On January 15th, 2015 Swiss national Bank (SNB) created havoc in financial markets by removing the Euro peg abruptly without any prior warning. SNB just two days ago assured market participants about the peg’s stay. That day, franc at one point was up 40% against Euro.

  • Brokers large and small, retail traders taken a hit on that day, creating panic in the market. Forex broker Alpari announced bankruptcy whereas FXCM took a hit of $225 million and was on the verge of bankruptcy.
  • FXCM since then sold its Japanese arm to Rakuten securities for $62 million. FXCM sold Faros trading to Jefferies for an undisclosed amount. It is now looking to sell more assets like FastMatch, its HFT platform of which it owns 35%. It is also planning to sell V3 markets and Lucid markets.

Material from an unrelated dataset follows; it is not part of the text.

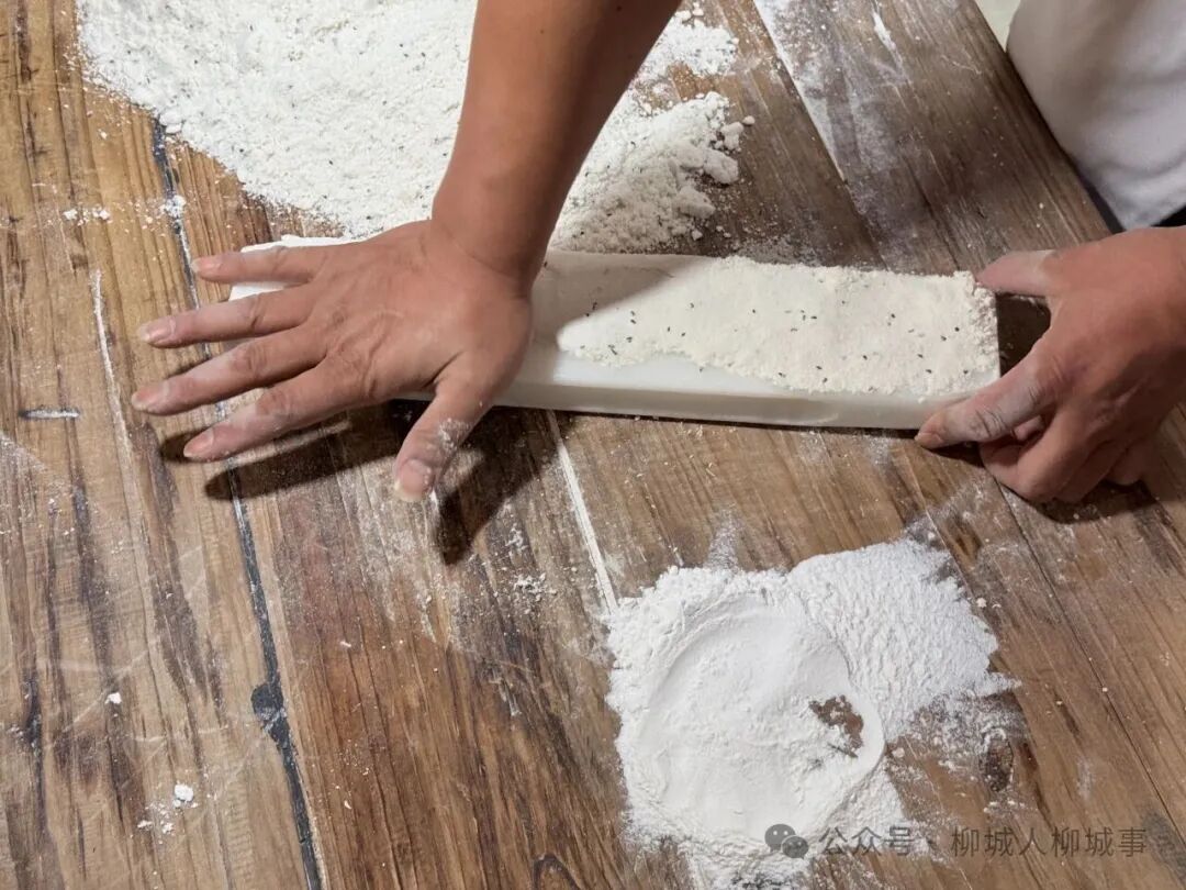 翻拌的过程中,廖荷辉拿起两把灰铁刮板,对着粉团反复切压,黑芝麻便均匀嵌进米粉里。“力道轻得像给小孩拍背似的。”他手腕转动间,粉团已泛出芝麻斑点,“要是使劲揉,米粉起了筋,米饼咬着就发死,没那股松软劲儿了。”廖荷辉说,他这手“轻压慢拌”的功夫,是跟着母亲学手艺时最磨人的一课。“那时候我总急着出活,母亲就拿木棰敲我手背:‘米饼是吃香的,不是吃力气的’。”

Prior to the peg crisis FXCM was considered as the one of the top brokers in the retail markets, which was showing potential in interbank market. FXCM still have potential, however lost the aura.

Lessons and takeaways –

  • Having a credible broker may not be enough as adverse shock in the market can take out any body as seen in the case of Alpari, Lehman Brothers, MF Global over and over again.
  • Keeping stop loss in place are very essential, however Swiss shocker shows that may not be enough. Many Stop loss trades were not executed due to lack of liquidity during the event.

What to do?

  • Choosing the right leverage is of utmost importance.
  • For example one has $100, uses 3:1 leverage and ends up taking position $300 worth of securities. 10% change in the price and net cash drops by $30, however one survives to try another day but use 10:1 leverage and with 10% change total cash is wiped out.

So with balance leverage and stop loss in place one might survive most of the shocks.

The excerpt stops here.